For me its KDE.
Vanilla Gnome. It’s simple/boring, and I like that. It seems like most people that like Gnome don’t care that it’s not a poweruser DE, and aren’t excited to talk about it either.
I use gnome, but it’s basically the worst DE, except all of the other ones that have been tried
It has the least features, so by default the least bugs.
KDE is love, KDE is life
KDE sets a really high bar with all the packages and extensibility. Almost everything (not including the lesser known and used packages) is feature-packed and
just works
. I really don’t know any other software that constantly amazes me like KDE.Came to say KDE/Plasma. Glad it was already on top
KDE Plasma 5.27 is incredible. Such a stable and customizable experience! 😍
In addition to that, they make nice FOSS apps that are great for any DE (see Krita, Kdenlive)
Also it looks like Windows, and that to me is a huge plus for anyone using my computer.
Absolutely KDE Plasma.
Gnome with pop_os tiling window manager
KDE Plasma on desktop
Cinnamon on (older lower spec) laptop
i3. I mean, it’s fast, customizable, and you can make it look good. That’s all i need.
GNOME, with a little bit of extension customisability!
For aesthetics: Budgie, with Cinnamon a close second For simplicity and speed: XFCE
xfce for a very long time. I really like tiling WMs but always come back to xfce
Xfce is the best!
See I don’t really get the appeal of xfce, I kinda see it as the minimal DE you use if you’ve got low powered hardware or if you need a DE on a system that isn’t a personal computer and just need the bare minimum to run a graphical application or two
it’s the quickest fully featured de, and as an added bonus, it’s the least buggy of them all, it’s also very simple in it’s functioning, fairly close to a diy desktop + wm config, so tweaking random stuff like the compositor is easy to do and doesn’t break everything
Cinnamon. Stupidly simple and elegant looking.
Cinnamon is the best
I avoided GNOME3 for the longest time, but I decided to try it on a new install of Debian on a whim and actually ended up really liking it. Needed to enable a couple of extensions, but once you get used to it the workflow isn’t at all that bad.
KDE if it was less buggy.
It’s KDE for me too, but I don’t really get the buggy part. Sure kwin crashes sometimes, but that happened to me like 2 or 3 times during my 2 and half years on openSUSE. Other than that I can’t think of something really bugged? Maybe I’m too tolerant, having to work with Windows XP and DOS at work…

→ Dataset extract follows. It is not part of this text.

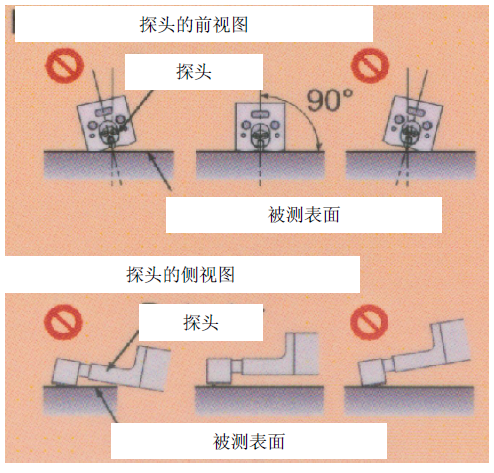 將SJ-210正確安裝在測量物上。使測針正確接觸測量面,檢出器和測量面平行。

Maybe, I had so many frickin kwin crashes every time I tried it, and there is a known bug with fractional scaling in some resolutions which affected me that drove me insane, if you care enough I could try to track it down on the bugtracker and link it.
But yeah, loved it, except for the bugs. I like gnome less, but it’s less buggy, so I’m using that.
I wonder if KDE stability is related to i18n/l10n. I am running desktops in German and KDE crashes for me all the time on freshly installed machines before I even could touch settings. (I tried a lot of KDE versions over the years, from stable/mainstream distributions like Debian, Fedora and Ubuntu). Besides the constant crashing I missed a mail client on the level of Evolution or Thunderbird when I tried KDE.